How many lines of the records below contain the word "Indonesia"? Answer with the number alone.

((

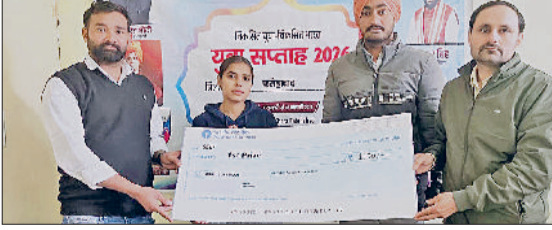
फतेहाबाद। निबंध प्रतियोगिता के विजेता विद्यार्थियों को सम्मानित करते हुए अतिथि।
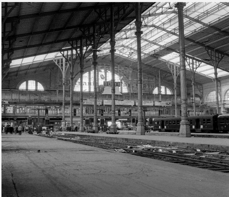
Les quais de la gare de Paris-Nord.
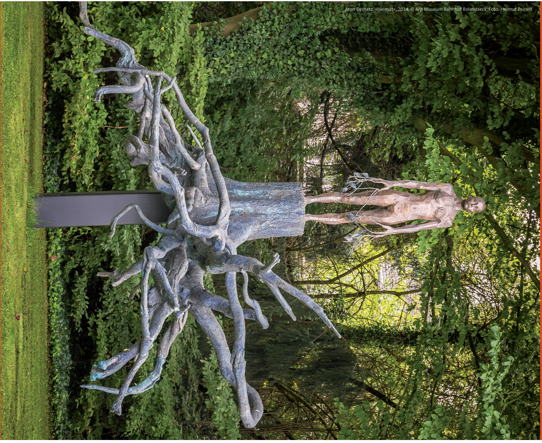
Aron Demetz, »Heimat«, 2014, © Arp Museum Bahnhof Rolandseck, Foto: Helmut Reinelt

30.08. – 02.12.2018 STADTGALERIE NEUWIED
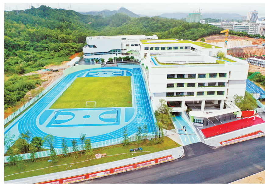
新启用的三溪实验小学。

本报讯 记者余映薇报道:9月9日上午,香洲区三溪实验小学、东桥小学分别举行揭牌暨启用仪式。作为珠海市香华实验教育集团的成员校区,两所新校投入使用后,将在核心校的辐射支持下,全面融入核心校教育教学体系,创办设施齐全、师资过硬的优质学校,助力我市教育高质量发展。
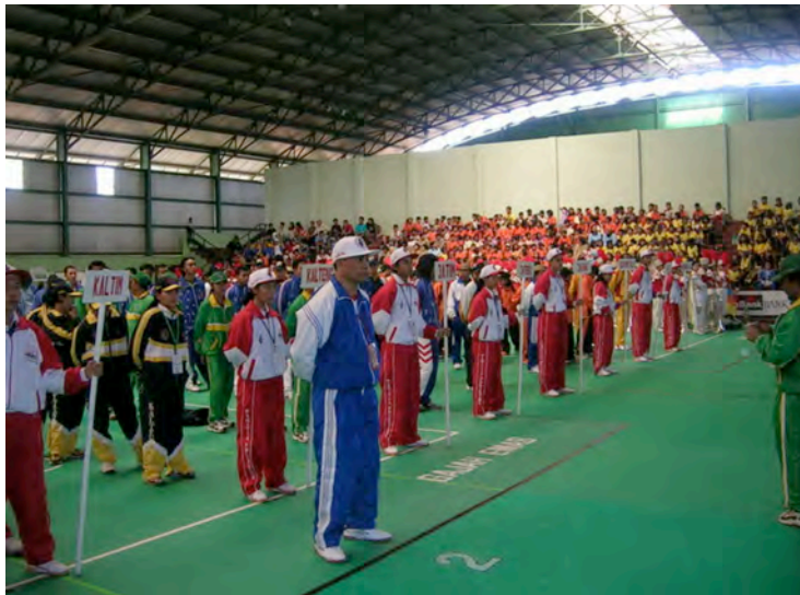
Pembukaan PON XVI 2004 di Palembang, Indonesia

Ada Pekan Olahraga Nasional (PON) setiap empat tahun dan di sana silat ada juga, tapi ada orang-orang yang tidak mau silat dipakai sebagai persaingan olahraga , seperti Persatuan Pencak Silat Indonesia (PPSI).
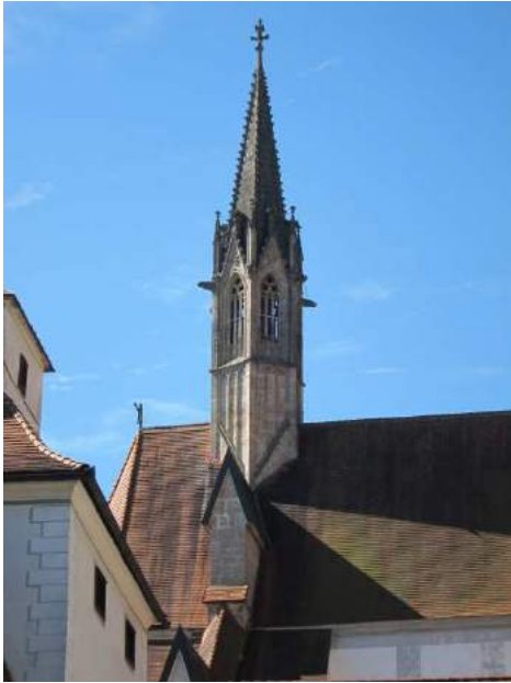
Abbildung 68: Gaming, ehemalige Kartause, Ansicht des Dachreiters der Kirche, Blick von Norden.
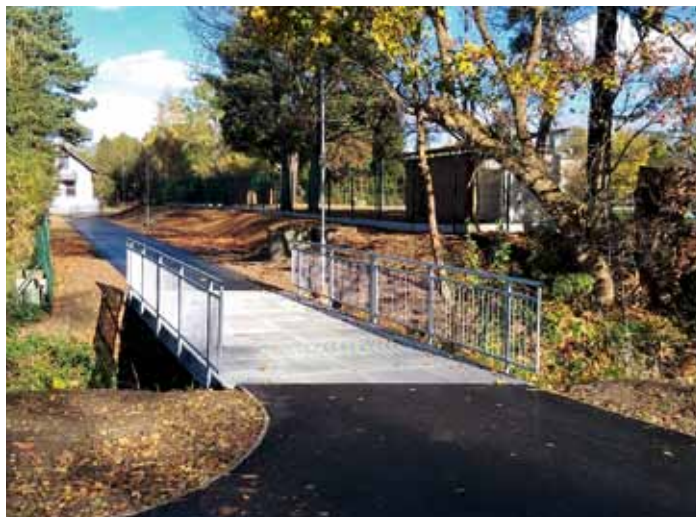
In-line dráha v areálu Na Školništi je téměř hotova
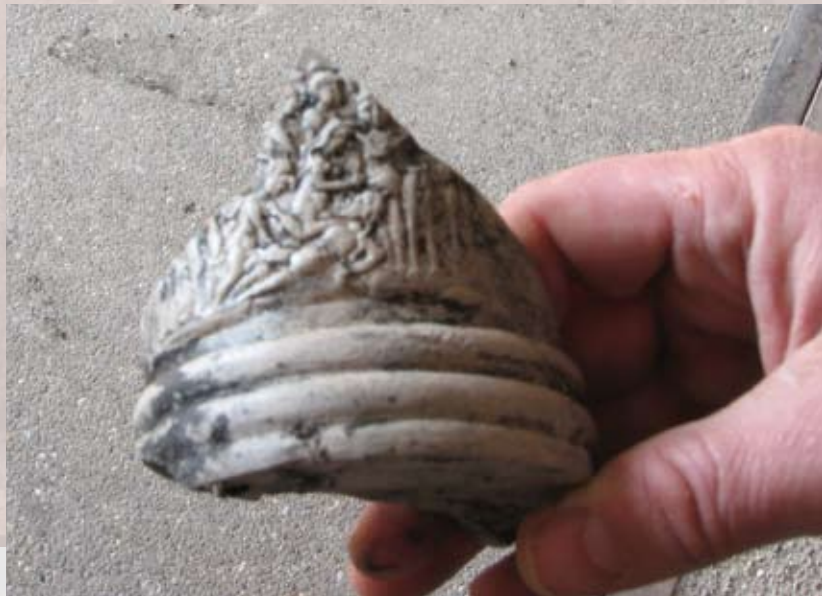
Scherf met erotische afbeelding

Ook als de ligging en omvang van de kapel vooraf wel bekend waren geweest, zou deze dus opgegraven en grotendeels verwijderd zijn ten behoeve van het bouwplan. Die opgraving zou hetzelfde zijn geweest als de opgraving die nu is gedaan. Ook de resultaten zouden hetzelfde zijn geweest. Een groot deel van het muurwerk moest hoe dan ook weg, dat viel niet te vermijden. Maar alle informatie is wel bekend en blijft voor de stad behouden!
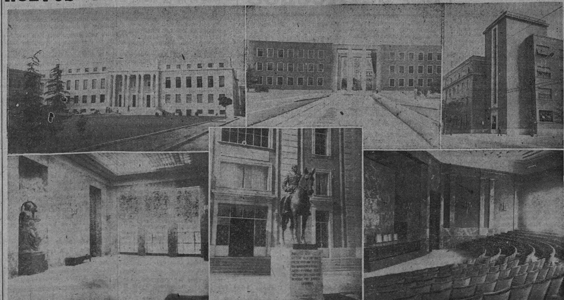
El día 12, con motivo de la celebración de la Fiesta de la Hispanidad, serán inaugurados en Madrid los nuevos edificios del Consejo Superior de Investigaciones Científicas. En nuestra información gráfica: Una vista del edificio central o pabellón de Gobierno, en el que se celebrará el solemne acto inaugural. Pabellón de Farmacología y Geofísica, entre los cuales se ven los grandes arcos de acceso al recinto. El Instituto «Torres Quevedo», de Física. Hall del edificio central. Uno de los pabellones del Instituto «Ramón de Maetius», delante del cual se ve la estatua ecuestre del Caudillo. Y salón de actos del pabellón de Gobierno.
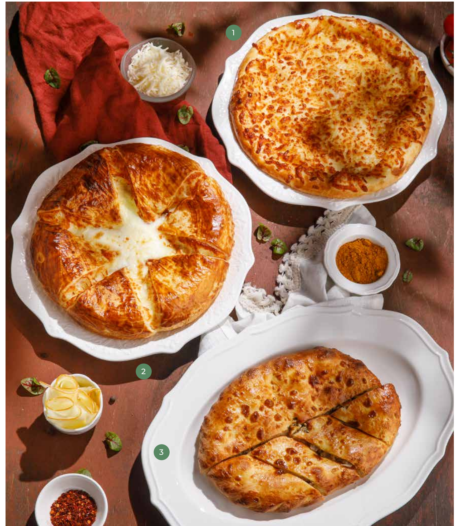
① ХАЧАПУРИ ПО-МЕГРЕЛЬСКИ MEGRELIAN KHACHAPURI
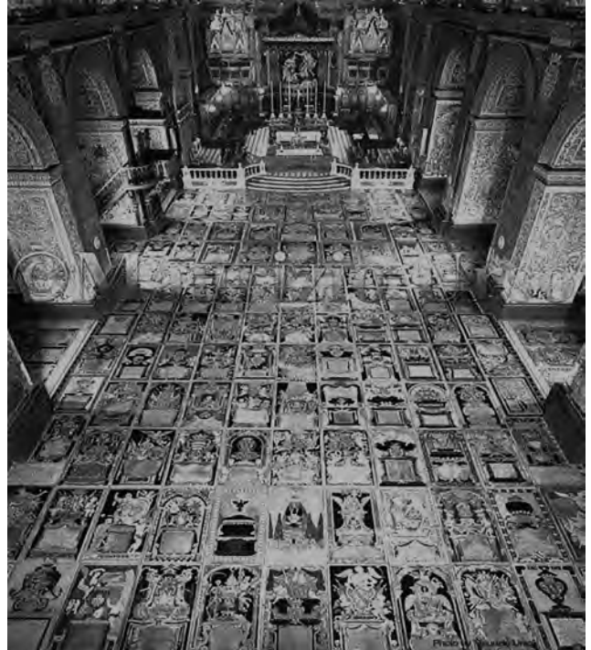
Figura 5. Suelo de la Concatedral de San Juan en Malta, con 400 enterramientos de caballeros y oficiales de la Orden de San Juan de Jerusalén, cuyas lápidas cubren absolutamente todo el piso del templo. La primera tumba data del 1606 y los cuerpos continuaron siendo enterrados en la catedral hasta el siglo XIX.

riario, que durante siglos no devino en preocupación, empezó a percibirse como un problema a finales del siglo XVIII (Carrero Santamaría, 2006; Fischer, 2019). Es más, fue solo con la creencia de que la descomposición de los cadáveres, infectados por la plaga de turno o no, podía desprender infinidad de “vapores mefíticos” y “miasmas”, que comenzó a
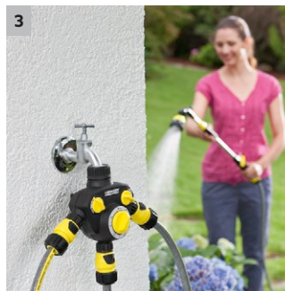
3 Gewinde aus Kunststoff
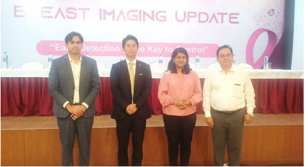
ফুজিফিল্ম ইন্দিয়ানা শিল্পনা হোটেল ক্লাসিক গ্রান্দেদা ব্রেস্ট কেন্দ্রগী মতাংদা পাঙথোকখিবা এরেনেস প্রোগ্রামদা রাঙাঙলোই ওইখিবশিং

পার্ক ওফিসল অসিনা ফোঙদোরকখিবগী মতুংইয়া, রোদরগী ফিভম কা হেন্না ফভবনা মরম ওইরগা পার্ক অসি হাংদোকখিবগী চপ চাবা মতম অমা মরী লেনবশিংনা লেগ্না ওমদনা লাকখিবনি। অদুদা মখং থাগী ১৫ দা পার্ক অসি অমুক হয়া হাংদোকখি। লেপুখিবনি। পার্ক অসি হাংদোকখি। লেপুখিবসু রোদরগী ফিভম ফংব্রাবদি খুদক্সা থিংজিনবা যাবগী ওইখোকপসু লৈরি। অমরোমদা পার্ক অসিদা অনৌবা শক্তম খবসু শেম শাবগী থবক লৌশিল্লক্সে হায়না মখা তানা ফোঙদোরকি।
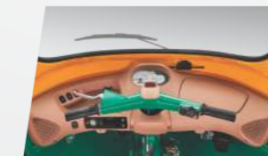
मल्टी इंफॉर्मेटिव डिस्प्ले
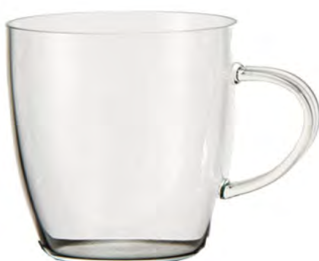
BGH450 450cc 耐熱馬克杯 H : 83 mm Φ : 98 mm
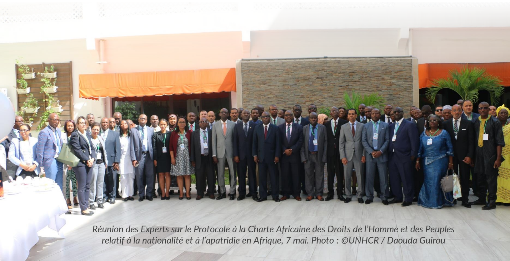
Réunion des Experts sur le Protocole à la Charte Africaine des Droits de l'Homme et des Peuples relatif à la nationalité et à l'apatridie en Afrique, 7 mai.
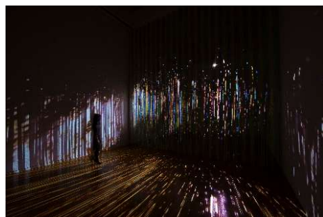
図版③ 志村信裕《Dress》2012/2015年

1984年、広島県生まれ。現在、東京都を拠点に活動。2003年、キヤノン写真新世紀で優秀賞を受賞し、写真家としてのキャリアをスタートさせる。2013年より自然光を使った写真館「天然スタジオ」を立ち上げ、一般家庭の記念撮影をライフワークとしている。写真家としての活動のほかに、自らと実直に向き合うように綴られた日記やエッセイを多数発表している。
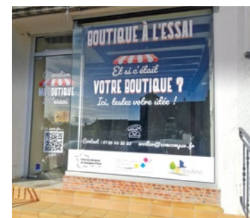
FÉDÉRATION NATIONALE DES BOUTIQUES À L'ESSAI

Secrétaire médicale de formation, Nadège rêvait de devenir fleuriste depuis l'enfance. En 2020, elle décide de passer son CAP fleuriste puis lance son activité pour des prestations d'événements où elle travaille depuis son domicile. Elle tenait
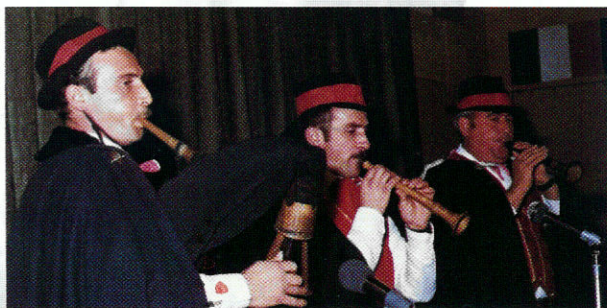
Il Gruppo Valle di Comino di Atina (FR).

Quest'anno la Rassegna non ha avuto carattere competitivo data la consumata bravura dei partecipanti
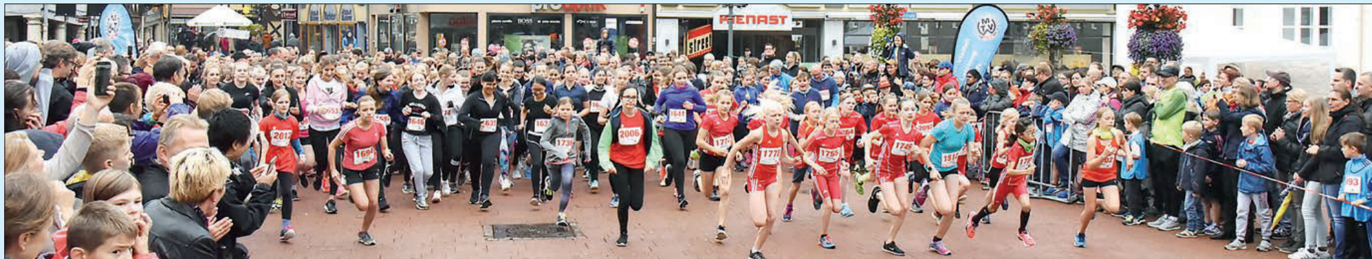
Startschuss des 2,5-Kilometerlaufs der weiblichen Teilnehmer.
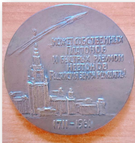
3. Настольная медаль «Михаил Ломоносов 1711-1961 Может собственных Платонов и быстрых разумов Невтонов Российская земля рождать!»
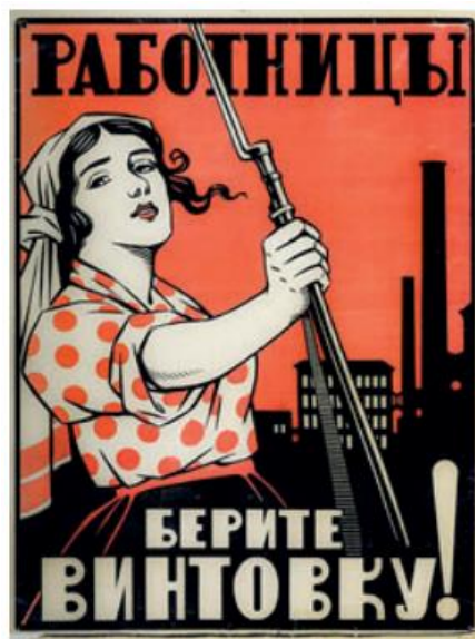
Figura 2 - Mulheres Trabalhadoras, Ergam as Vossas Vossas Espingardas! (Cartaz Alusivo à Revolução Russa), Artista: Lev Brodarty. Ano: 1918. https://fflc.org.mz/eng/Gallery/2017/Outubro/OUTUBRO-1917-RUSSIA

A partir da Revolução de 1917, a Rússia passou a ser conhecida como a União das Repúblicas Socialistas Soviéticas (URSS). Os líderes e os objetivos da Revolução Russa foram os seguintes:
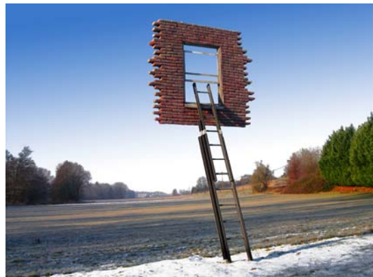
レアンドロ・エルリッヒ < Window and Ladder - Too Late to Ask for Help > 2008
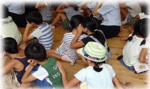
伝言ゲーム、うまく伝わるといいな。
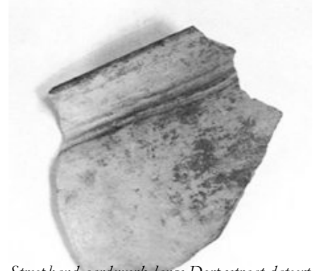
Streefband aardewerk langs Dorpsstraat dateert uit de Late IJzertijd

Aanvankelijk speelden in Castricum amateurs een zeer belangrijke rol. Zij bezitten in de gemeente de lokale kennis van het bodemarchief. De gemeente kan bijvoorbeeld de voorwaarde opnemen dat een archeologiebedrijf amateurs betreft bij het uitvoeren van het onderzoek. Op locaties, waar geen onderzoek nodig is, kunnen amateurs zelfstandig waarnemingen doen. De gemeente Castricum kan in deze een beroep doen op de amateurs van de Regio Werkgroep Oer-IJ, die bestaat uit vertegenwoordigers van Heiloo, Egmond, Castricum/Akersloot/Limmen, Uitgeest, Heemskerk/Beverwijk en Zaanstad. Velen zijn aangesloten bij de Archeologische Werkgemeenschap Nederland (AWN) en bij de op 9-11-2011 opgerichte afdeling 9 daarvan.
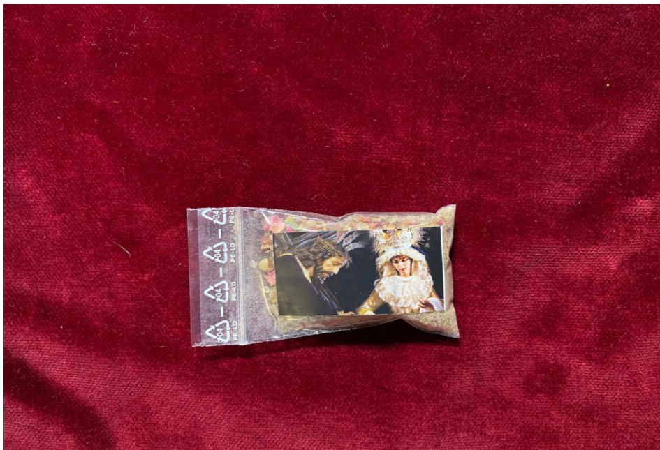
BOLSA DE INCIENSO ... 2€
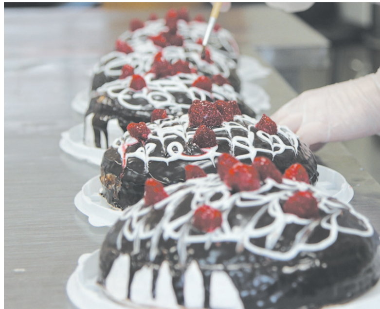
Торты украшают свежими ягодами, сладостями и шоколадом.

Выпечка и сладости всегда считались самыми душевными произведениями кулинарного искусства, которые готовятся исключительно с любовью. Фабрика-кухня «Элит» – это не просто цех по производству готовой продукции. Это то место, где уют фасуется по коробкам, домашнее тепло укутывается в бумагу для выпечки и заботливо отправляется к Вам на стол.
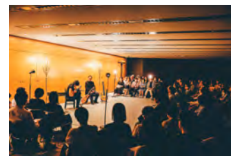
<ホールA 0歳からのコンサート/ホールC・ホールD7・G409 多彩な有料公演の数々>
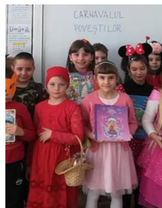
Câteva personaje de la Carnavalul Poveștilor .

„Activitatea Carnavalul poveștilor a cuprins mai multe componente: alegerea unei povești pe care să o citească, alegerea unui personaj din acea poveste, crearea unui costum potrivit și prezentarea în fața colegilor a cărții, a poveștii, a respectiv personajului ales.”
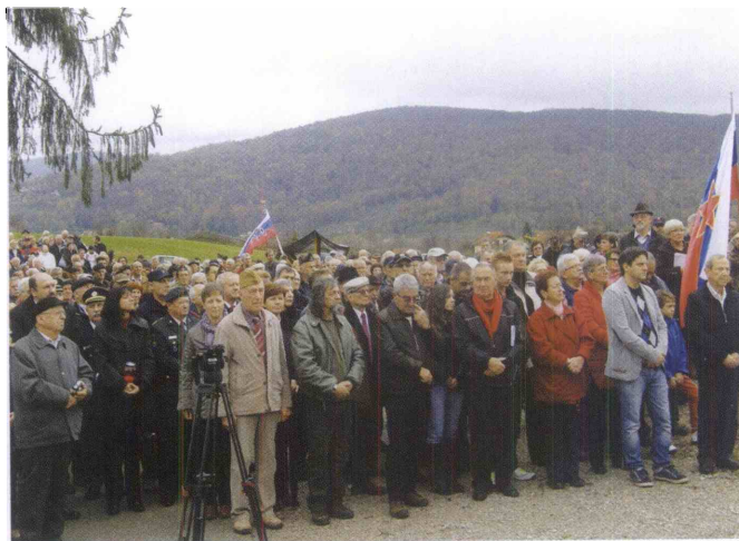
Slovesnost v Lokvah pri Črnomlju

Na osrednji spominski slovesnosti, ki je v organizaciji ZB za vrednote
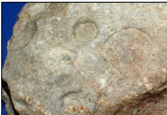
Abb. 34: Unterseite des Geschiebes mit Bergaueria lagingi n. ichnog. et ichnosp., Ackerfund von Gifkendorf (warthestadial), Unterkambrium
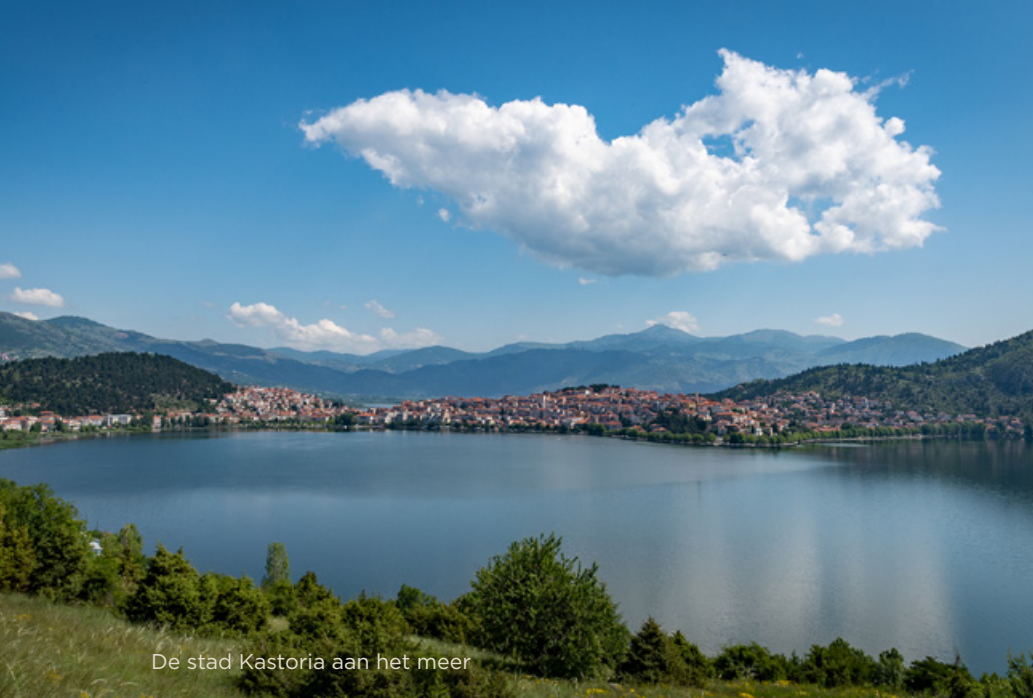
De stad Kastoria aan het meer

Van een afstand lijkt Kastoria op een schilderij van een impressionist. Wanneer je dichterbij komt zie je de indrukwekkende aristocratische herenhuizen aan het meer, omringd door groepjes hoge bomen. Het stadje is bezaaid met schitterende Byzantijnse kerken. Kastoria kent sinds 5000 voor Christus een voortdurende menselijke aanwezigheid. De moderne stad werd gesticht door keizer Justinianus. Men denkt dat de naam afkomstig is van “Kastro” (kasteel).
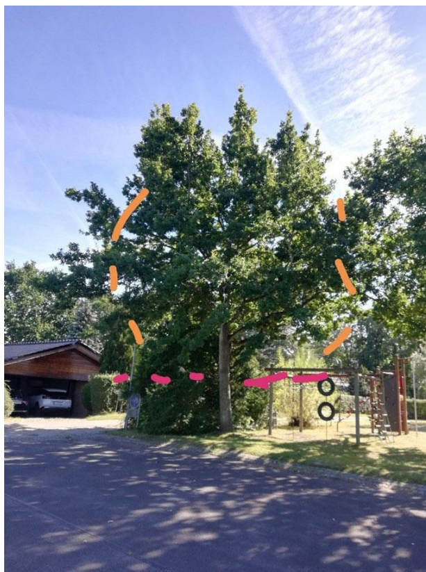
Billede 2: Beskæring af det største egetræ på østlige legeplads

))

> _OUTPUT FOR THIS EXERCISE_: 2